Start of Data shown
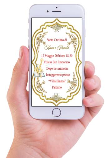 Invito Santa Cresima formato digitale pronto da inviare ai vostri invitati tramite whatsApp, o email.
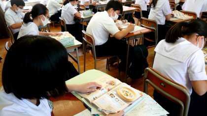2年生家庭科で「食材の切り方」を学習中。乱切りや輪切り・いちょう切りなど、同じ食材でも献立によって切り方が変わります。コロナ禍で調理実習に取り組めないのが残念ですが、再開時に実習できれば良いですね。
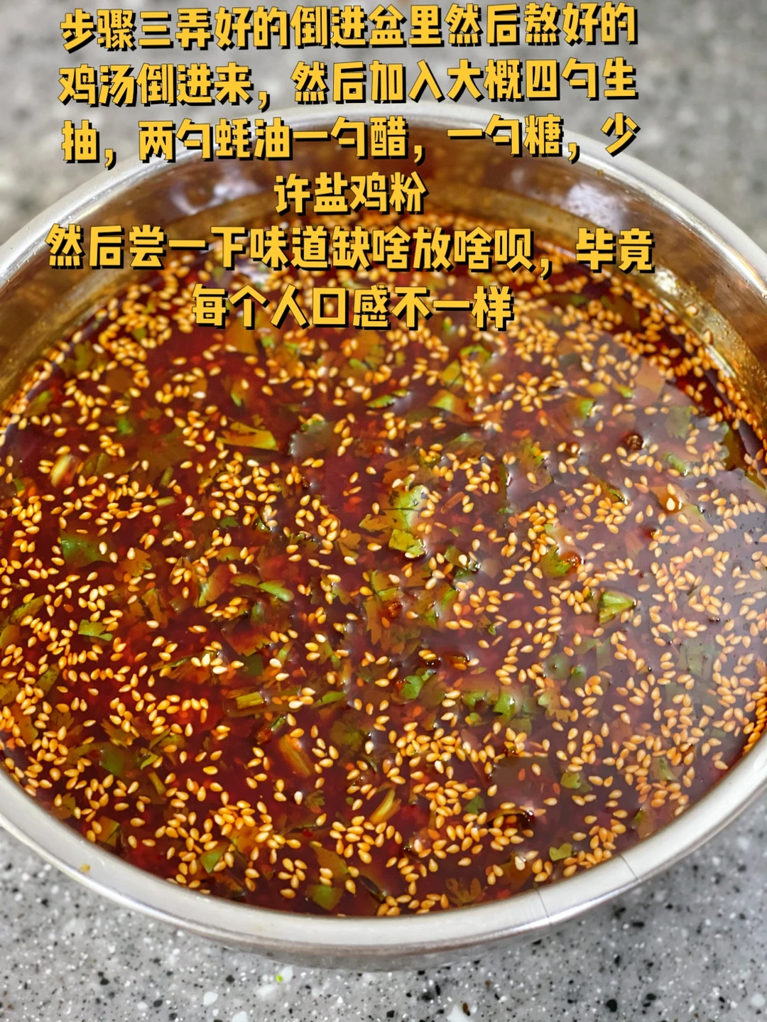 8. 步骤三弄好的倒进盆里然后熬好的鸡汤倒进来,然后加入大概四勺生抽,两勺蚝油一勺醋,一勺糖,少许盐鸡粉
End of Data shown
Start of Data shown
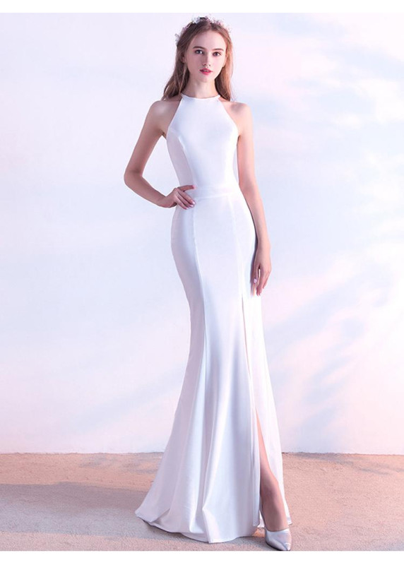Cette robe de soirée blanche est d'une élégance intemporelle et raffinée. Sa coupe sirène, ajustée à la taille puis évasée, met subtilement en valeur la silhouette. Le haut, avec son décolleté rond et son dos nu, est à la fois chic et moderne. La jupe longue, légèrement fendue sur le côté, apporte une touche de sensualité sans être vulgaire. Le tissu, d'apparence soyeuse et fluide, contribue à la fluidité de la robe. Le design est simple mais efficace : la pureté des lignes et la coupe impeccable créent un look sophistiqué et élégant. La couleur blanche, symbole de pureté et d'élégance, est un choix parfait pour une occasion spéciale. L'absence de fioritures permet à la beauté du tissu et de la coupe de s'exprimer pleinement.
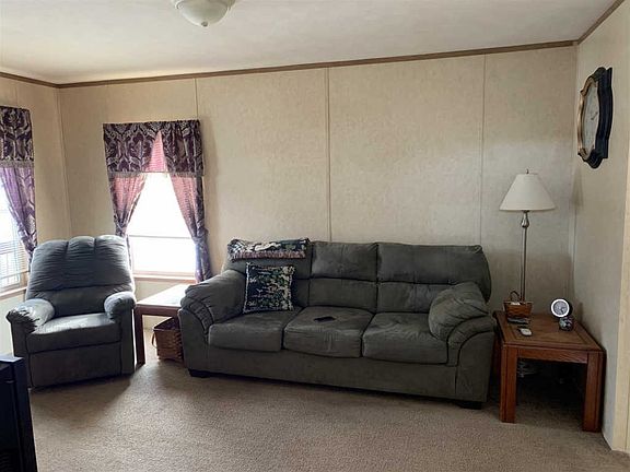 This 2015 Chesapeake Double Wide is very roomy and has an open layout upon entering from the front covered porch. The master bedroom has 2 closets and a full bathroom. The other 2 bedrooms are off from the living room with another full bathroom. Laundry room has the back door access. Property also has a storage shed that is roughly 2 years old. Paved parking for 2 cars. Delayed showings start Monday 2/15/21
End of Data shown
Exercise -
The lines to set down run from the line with "2年生家庭科で「食材の切り方" up to and including the line with "8. 步骤三弄好的倒进盆里然" in the entries above. Reproduce them exactly, with no pictures.

The answer -
2年生家庭科で「食材の切り方」を学習中。乱切りや輪切り・いちょう切りなど、同じ食材でも献立によって切り方が変わります。コロナ禍で調理実習に取り組めないのが残念ですが、再開時に実習できれば良いですね。
 8. 步骤三弄好的倒进盆里然后熬好的鸡汤倒进来,然后加入大概四勺生抽,两勺蚝油一勺醋,一勺糖,少许盐鸡粉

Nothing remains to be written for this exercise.